Из двадцати семи человек, ушедших на войну, в живых осталось пятеро. Пятеро покалеченных.
Моему отцу повредило позвоночник. Семен Кроликов вернулся без левой ноги, Митяй Занозов — без правой.
— Ну что, Мить, поканаемся, — шутил Семен. — Чей верх, тому на обеих ногах ходить.
— Коротка мне твоя будет.
— Березку подставим, — и пересказывал частушку:
Хорошо тому живется,
У кого одна нога —
Шароварина не рвется,
И не надо сапога.
— Зажили — не доплюнешь… Ку-уда…
От Раздолинского я все время получал — то чаще, то реже — письма и стихи. Были они почему-то не напечатаны, писаны от руки. Не знаю, почему он слал их мне, а не матери. Может, потому, что знал — мать никому их не покажет, а ему хотелось, чтоб их знали все земляки?
В марте сорок пятого пришло последнее письмо, и, как всегда, со стихами. Это были самые веселые, в которых он описывал, как наши солдаты вытащили из канализационной трубы спрятавшегося немецкого генерала. Особенно всем понравилось:
…Дела фашистские — труба,
Коль в трубы лезут генералы.
— Это что ж, прямо в отхожее место? — удивленно спрашивала Варька.
— Ну а куда ж, — снисходительно пояснял дядя Максим. — Вишь, пишет, воняло от него, раздери его пополам.
— Вырос землячок, Иван Григорьич! — с гордостью говорил Николай Иваныч.
Лида получала письма от двоих: от Кости и от Раздолинского. Обоим отвечала. Люди ее упрекали.
— Что ж ты обманываешь Костю, когда Ивана Григорьевича ждешь?
— Молчите уж. «Обманываешь». Они на краю могилы каждый час… Живы будут — разберемся.
До войны Костину фотографию печатали в газете. Очки на лбу, чуб в сторону — тракторист!
— Что — Раздолинский! — шумел он на вечерках (конечно, для Лиды). — Да я сам какую хочешь песню сложу.
— А сложи, — бледнела Лида. — Сложишь?
Костя понимал меру ее решительности, махал рукой.
— «Сложи», «сложи»… Досуг мне, когда на тракторе день-ночь.
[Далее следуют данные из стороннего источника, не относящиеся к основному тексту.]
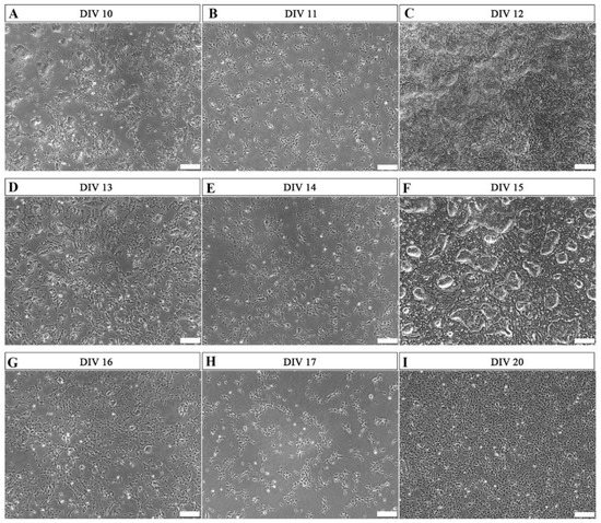 Representative phase-contrast photomicrographs of cells undergoing differentiation from hiPSCs to hiPSC-immatureSCs. Matrigel coating was used during this period. (A,D,G) show the morphology of the differentiating cells at 60–70% confluence, after 10 days in vitro (DIV 10) (A), DIV 13 (D), and DIV 16 (G), respectively. After this, cells were alternatively passaged to a lower cell density of 2 × 105 per well in a 6-well plate ((B)—DIV 11, (E)—DIV 14, (H)—DIV 17) or continuously cultured, without splitting, in high cell density ((C)—DIV 12, (F)—DIV 15, (I)—DIV 20). DIV = days in vitro. Scale bar: 200 µm.
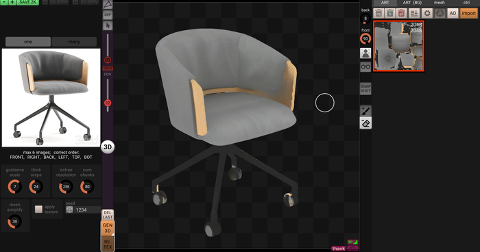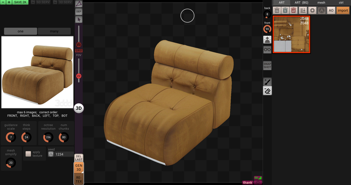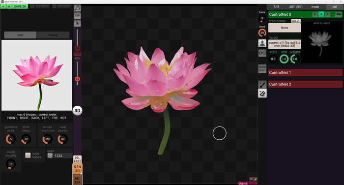 Помимо всего прочего я попробовал генерацию моделей через этот же софт, но с движком Hunyuan 2. Выходит интересно!

Ему что… Интеллигенец.
Упорный Костя — с войны ей писал, а за полгода до прихода домой — как отрубил.
«Немножко подпекло, и теперь отсыпаюсь в госпитале», — писал он родителям.
Где-то к тому же сроку не стали Лиде приходить редкие письма Раздолинского.
— Вот они, два зайца-то, — горько шутили люди.
Однажды Лида встретила меня на улице, глядя в сторону, смущаясь, спросила:
— Пишет Ваня?
— Ага.
— Обо мне не напоминает?
Я глядел мимо Лиды. Сенькина роща, оголенная ознобистыми ночами октября, зябко насторожилась в пугливом ожидании долгой зимы. По-за плетнями темнел выбитый, поломанный конопляник. Озеро расширилось, будто глаз в испуге, смотрело покорно в студеное небо, и даль пуста: куда что делось?
— Рано что-то захолодало, — сказал я.
— Да нет, пора уж. — Лида вроде и не ожидала от меня иных слов. — Пора холодам… — И пошла, да так — поставь ей на голову стакан с водой — не уронит, не расплещет.
11
Зима ложилась по-сиротски кротко и несмело на незамерзшую и мягкую от дождей землю — значит, быть ей лютой. Дни волоклись тихим шорохом снега, короткие и почти темные. Небо и вправду было с овчинку; до того закутано чернотой, даже пс верилось, что из этой черноты может выпадать такой белый снег.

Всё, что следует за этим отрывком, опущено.